#### [INSTRUCTIONS TO FOLLOW]
Below this line are records; transcribe exactly the lines between the one holding "MÉXICO, D.F., 22NOVIEMBRE2009.- Andres" and the one holding "Dětská dřevěná metlička", inclusive, and omit the pictures.

#### [SUPPLIED ENTRIES]
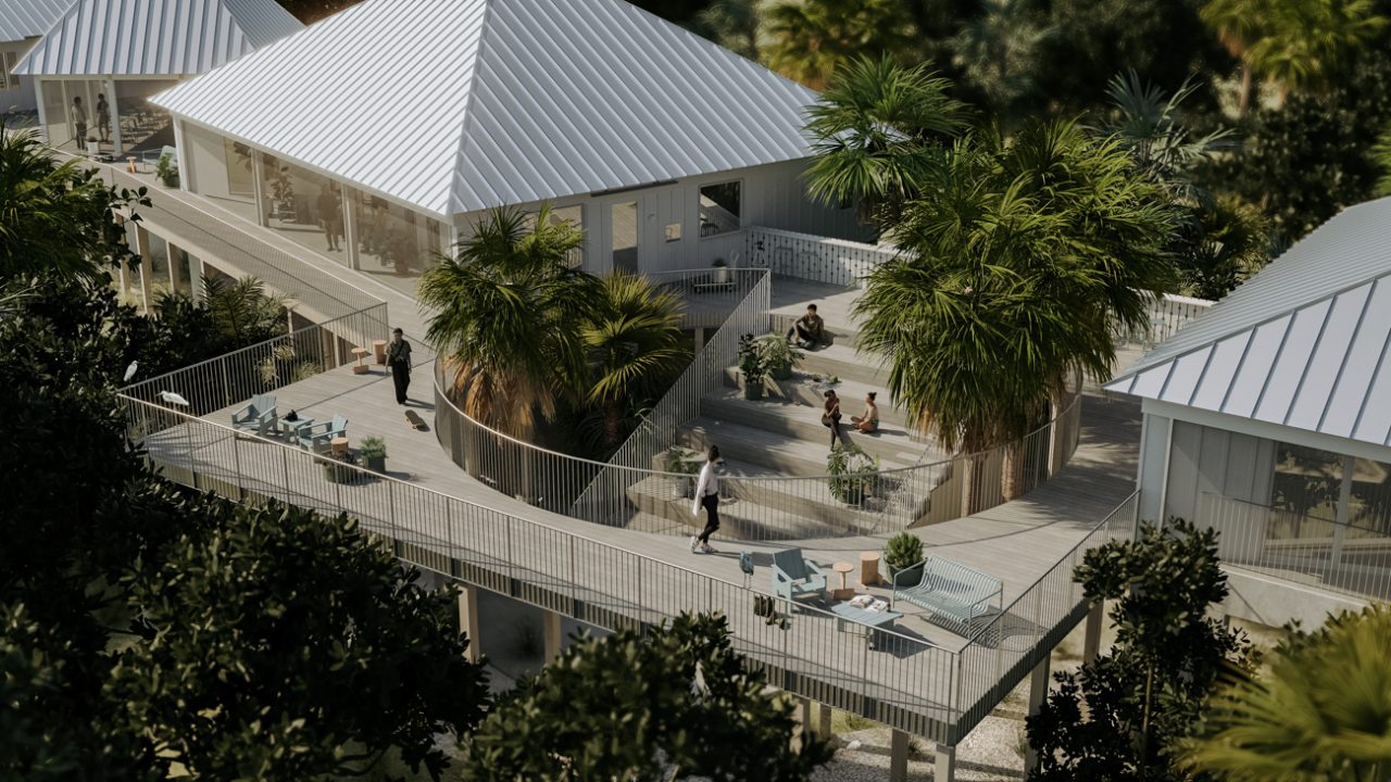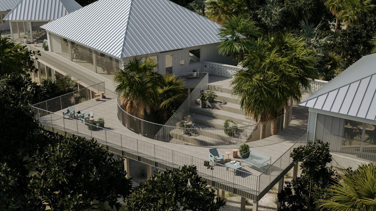 Following hurricane Ian, the new Sanibel-Captiva Conservation Foundation Intern Housing buildings choreograph a collection of barrier island specific resilience strategies to mitigate weather impacts and nestle into a uniquely biodiverse site along the “conservation corridor.”
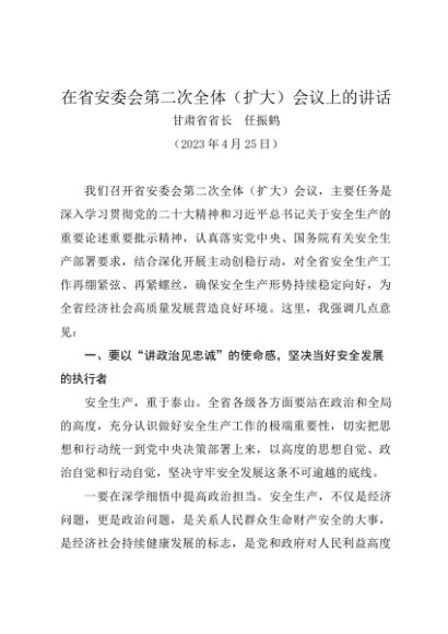 / 领导讲话:20230425(安全生产会议)在省安委会第二次全体(扩大)会议上的讲话——甘肃省省长 任振鹤
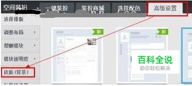 ,然后切换到“高级设置”选项卡,在界面左侧的选项卡列表中点击“皮肤(背景)”,如图所示。
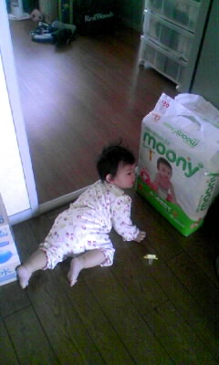 今日は!自分で現寝室→旧寝室→キッチンまでハイハイして起きてきました。
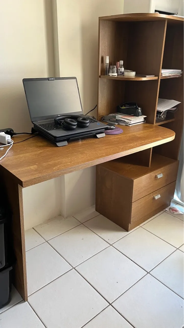 Linda escrivaninha com design moderno e funcional. Perfeita para organizar seu espaço de trabalho ou estudo com estilo e praticidade. Possui espaço para computador, gavetas e prateleiras.
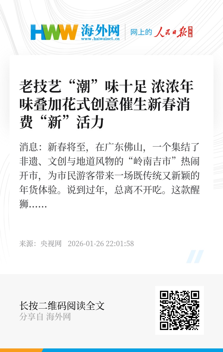 央视网消息:新春将至,在广东佛山,一个集结了非遗、文创与地道风物的“岭南吉市”热闹开市,为市民游客带来一场既传统又新颖的年货体验。
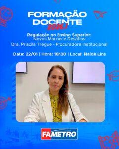 No dia 22 de janeiro, também às 18h30, no Auditório Naíde Lins, a programação inclui a palestra “Regulação no Ensino Superior: novos marcos e desafios”, ministrada pela Dra Priscila Tregue, trazendo reflexões essenciais sobre o cenário regulatório e seus impactos diretos na gestão acadêmica.
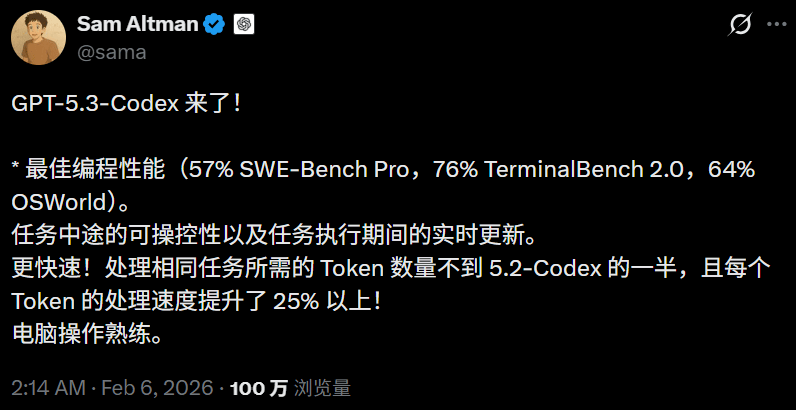 Opus 4.6发布后没几分钟,OpenAI紧急掏出GPT-5.3-Codex。
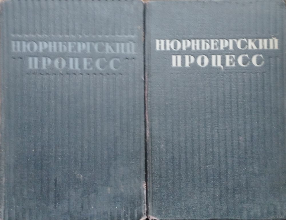 Большой энциклопедический формат. 906+630 стр. Настоящий Сборник содержит наиболее важные официальные материалы о Нюрнбергском судебном процессе по делу главных немецких военных преступников. Как известно, Международный Военный Трибунал, созданный на паритетных началах на основе соглашения от 8 августа 1945 г. между правительствами СССР, Соединенных Штатов Америки, Великобритании и Франции, к которому затем присоединились еще 19 государств, рассматривал с 20 ноября 1945 г. по 1 октября 1946 г. в г. Нюрнберге (Германия) дело главных немецких военных преступников, преданных суду за подготовку, развязывание и ведение агрессивных войн, за военные преступления и преступления против человечности. Суду были преданы 24 военных преступника, входившие в правящую клику гитлеровской Германии, а именно: Геринг, Гесс, Риббентроп, Лей, Кейтель, Кальтенбруннер, Розенберг, Франк, Фрик, Штрейхер, Функ, Шахт, Густав Крупп, Дениц, Редер, Ширах, Заукель, Иодль, Папен, Зейсс-Инкварт, Шпеер, Нейрат, Фриче и Борман. Трое из них фактически не находились на скамье подсудимых. Еще до начала процесса Лей в тюрьме покончил жизнь самоубийством; Густав Крупп был признан неизлечимо больным, в связи с чем дело о нем было Трибуналом приостановлено; Борман не был разыскан, и дело о нем рассматривалось Трибуналом заочно.
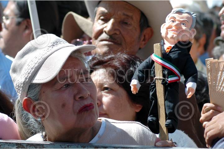 MÉXICO, D.F., 22NOVIEMBRE2009.- Andres Manuel López Obrador a su llegada a la asamblea informativa conmemorando tres años de iniciar la resistencia civil que se realizo en la plancha del Zócalo de la ciudad. FOTO: RODOLFO ANGULO/CUARTOSCURO.COM
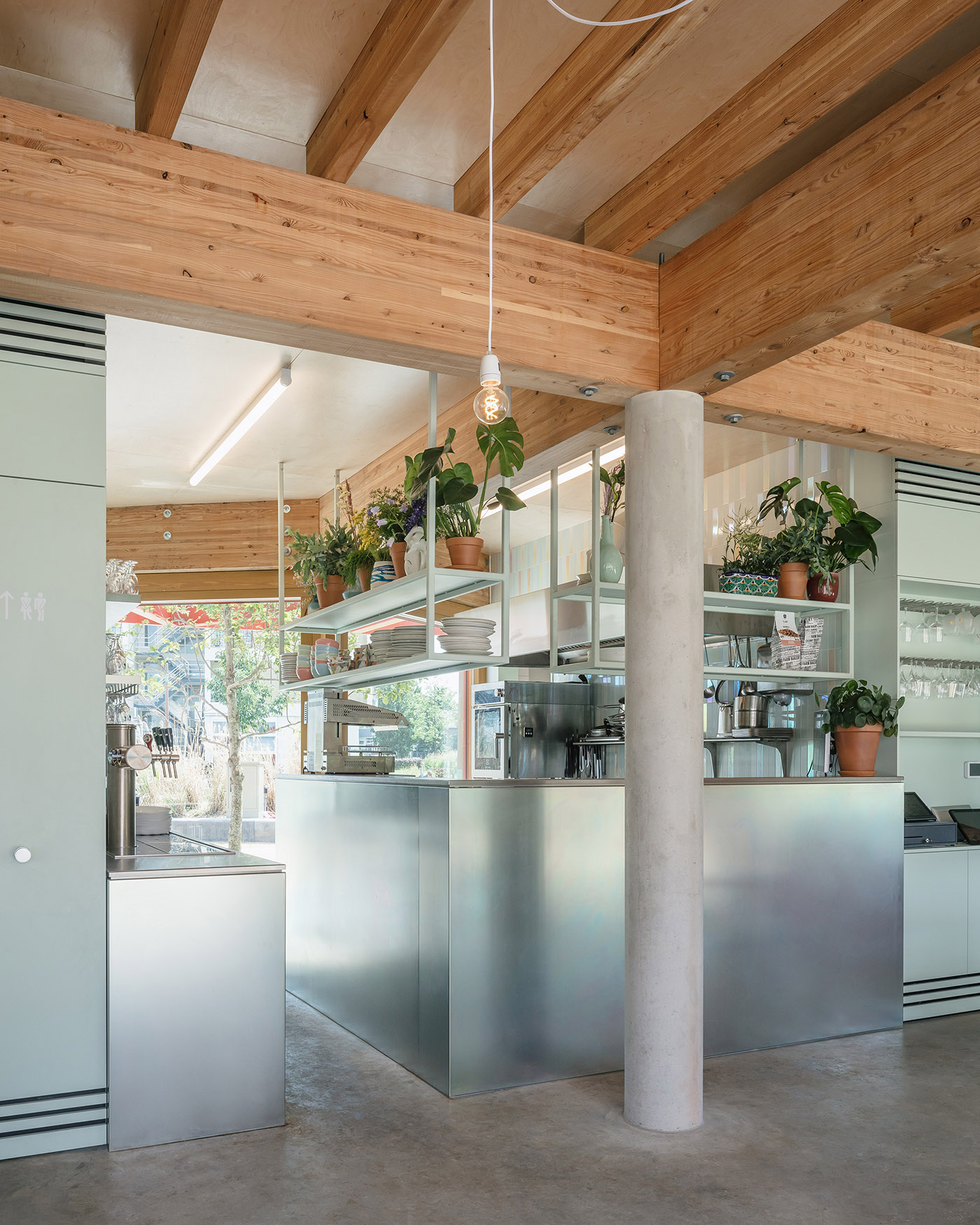Il padiglione Restobar Mama, progettato dallo Studio Ketting Huls, è composto da una terrazza circolare in cemento, un volume rettangolare e un tetto in acciaio circolare. L'edificio a forma di giostra si trova al centro della piazza ovale del parco, circondato da un lato dall'area giochi per bambini con fontane nascoste e dall'altro dai tavoli e sedie della terrazza
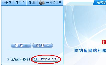 注:如客户已下载招行网银"安全控件",则可直接进行第二步的操作流程。
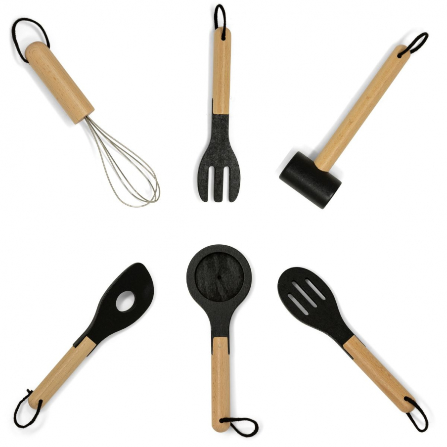 Dětská dřevěná metlička na dresing, palička na maso, vařečky i velká vidlice. To je tato krásná sada kuchyňského náčiní pro malé kuchařky a kuchaře, kteří rádi napodobují své rodiče v kuchyni. Díky této realistické sadě vařeček už vám děti nebudou vybírat z kuchyně ty vaše.
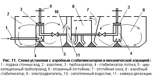 На рис. 10 показана схема компактной установки (КУ) с аэробной стабилизацией или пневматической аэрацией. Сточная вода, пройдя решетку-дробилку, установленную вне блока, и песколовку, поступает в падающий лоток с четырьмя треугольными регулируемыми водосливами и подаются в аэротенк. Аэротенк - квадратный в плане резервуар, по дну которого положены четыре плети перфорированных труб диаметром 150 мм. Аэротенк расчитан на продолжительность пребывания в нем сточных вод в течении 9 часов в часы максимального притока. С противоположной стороны аэротенка имеются затопленные окна для подачи сточных вод в отстойник. Отстойник - вертикально типа. В нем устанавливается перегородка, направляющая поток жидкости в нижнюю зону. Сборные лотки осветленной воды выполняют с регулируемыми треугольными водосливами. Осветленная сточная жидкость поступает из вторичных отстойников на сооружения доочистки и обеззараживания. В отстойнике имеются шесть приемников, каждый из которых снабжен эрлифтом с трубопроводом возврата активного ила в аэрационную зону; три приемника имеют эрлифты с трубопроводами, направленными в стабилизатор. Вдоль отстойника расположен мостик для обслуживания, куда вынесены вентили управления эрлифтами. Продолжительность пребывания стоков в отстойнике 1,5 часа. Поступление в стабилизатор свежих порций активного ила вызывает одновременное отделение такого же объема воды в отстойной зоне стабилизатора, которая отводится вместе с очищенными сточными водами из установки. Выгрузка из стабилизатора обработанного активного ила производится при достижении в нем предельной концентрации ила. Период выгрузки составляет 7-10 суток. Очистка стоков на это установке осуществляется без первичного отстаивания, БПК очищенного стока составляет 15 мг/л. На рис.11 показана схема установки с аэробной стабилизацией активного ила и механическими аэраторами. Эти сооружения выполняют в блочном варианте что позволяет набирать необходимую производительность (700-400 куб.м в сутки и более).
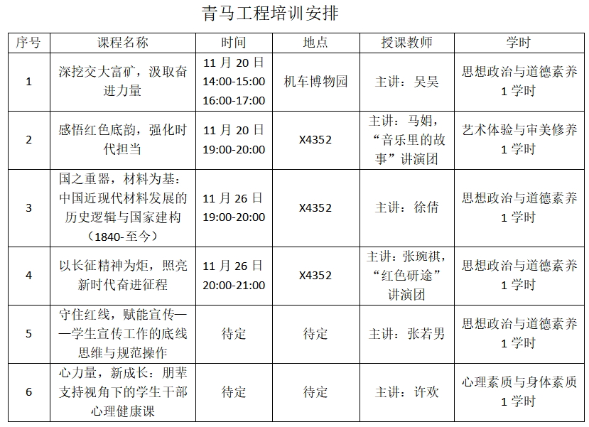 6、每位同学至少线下完成4场培训方可获得结业证书。对相关专题感兴趣的同学可参与培训,完成学习后可获得对应学时。因特殊情况请假的一次培训 ,各位学生干部请提交培训心得,心得体会必须手写,不少于1000字,交大信纸或A4纸,交至年级辅导员处,由年级辅导员把关是否合格,培训结束后一周内以年级为单位统一交至马娟老师处。
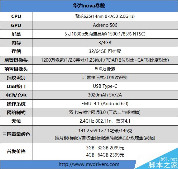 HUAWEI nova采用了高通骁龙625处理器,14nm工艺八核芯片,性能和功耗有很好平衡,同时有3+32GB、4+64GB两种内存存储组合,比起国际版单一的3+32GB选择更丰富,特别是4GB内存的加入要点个赞,毕竟如今很多所谓旗舰手机都还保留着3GB内存。
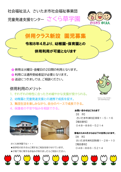 さくら草学園 令和8年度併用クラス新設 園児募集中 お知らせ 動画紹介 作品展 自主製品 採用情報 お知らせ NEWS お知らせ(さくら草学園)令和8年度併用クラス新設 園児募集中 2026.01.26 施設からのお知らせ新着情報 (さくら草学園)令和8年度併用クラス新設 園児募集中 さくら草学園では令和8年4月より、併用クラスを新設します。幼稚園・保育園との併用利用が可能となり、新規利用児を募集中です。 児童発達支援センターってどんなところ?さくら草学園ってどんなところ? お気軽にお問い合わせください。 テーマ: お知らせ新着情報 関連施設: さくら草学園 一覧へ戻る CATEGORY 事業団からのお知らせ 施設からのお知らせ 新着情報 イベント 採用情報 その他 ARCHIVE 2026 2025 2024 2023 2022 テーマ お知らせ 新着情報 採用情報
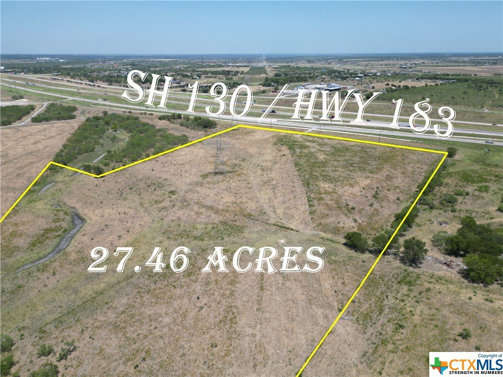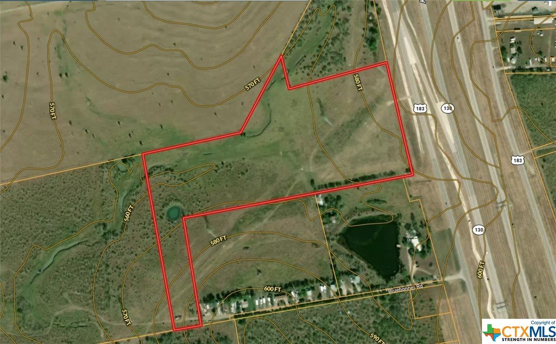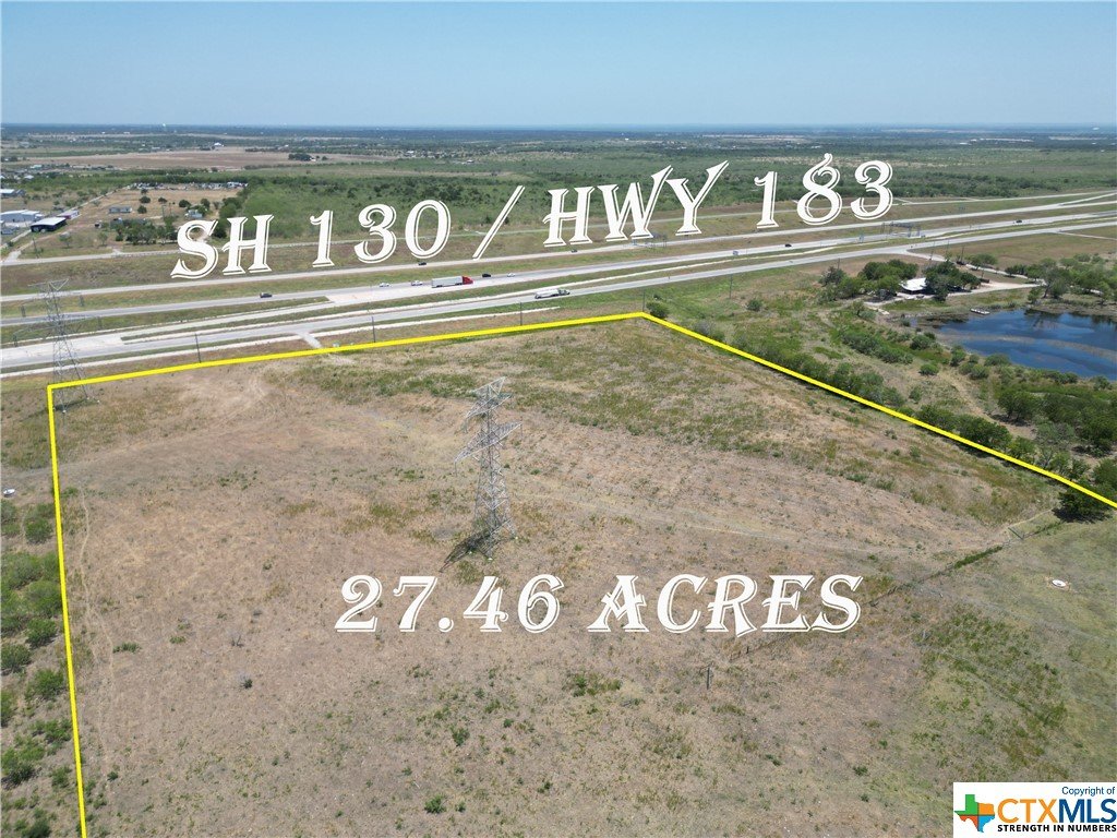 27.46 Acres on Hwy 183 S (SH 130) approximately 8 miles north of Lockhart. Near Hwy 21 and Hwy 183 intersection. 3 water meters and a driveway / entrance already in place. Outside of city limits and ETJ. Property slopes down towards the back, but has a nice level (5+/- acres) build site at the front along the highway that is perfect for your commercial or industrial uses. Approximately 20 min drive to Austin / ABIA, Tesla, and 30 min drive to San Marcos or Bastrop. Adjacent property to the south also available for sale under a separate listing.

#### [ANSWER SECTION]
 MÉXICO, D.F., 22NOVIEMBRE2009.- Andres Manuel López Obrador a su llegada a la asamblea informativa conmemorando tres años de iniciar la resistencia civil que se realizo en la plancha del Zócalo de la ciudad. FOTO: RODOLFO ANGULO/CUARTOSCURO.COM
Il padiglione Restobar Mama, progettato dallo Studio Ketting Huls, è composto da una terrazza circolare in cemento, un volume rettangolare e un tetto in acciaio circolare. L'edificio a forma di giostra si trova al centro della piazza ovale del parco, circondato da un lato dall'area giochi per bambini con fontane nascoste e dall'altro dai tavoli e sedie della terrazza
 注:如客户已下载招行网银"安全控件",则可直接进行第二步的操作流程。
 Dětská dřevěná metlička na dresing, palička na maso, vařečky i velká vidlice. To je tato krásná sada kuchyňského náčiní pro malé kuchařky a kuchaře, kteří rádi napodobují své rodiče v kuchyni. Díky této realistické sadě vařeček už vám děti nebudou vybírat z kuchyně ty vaše.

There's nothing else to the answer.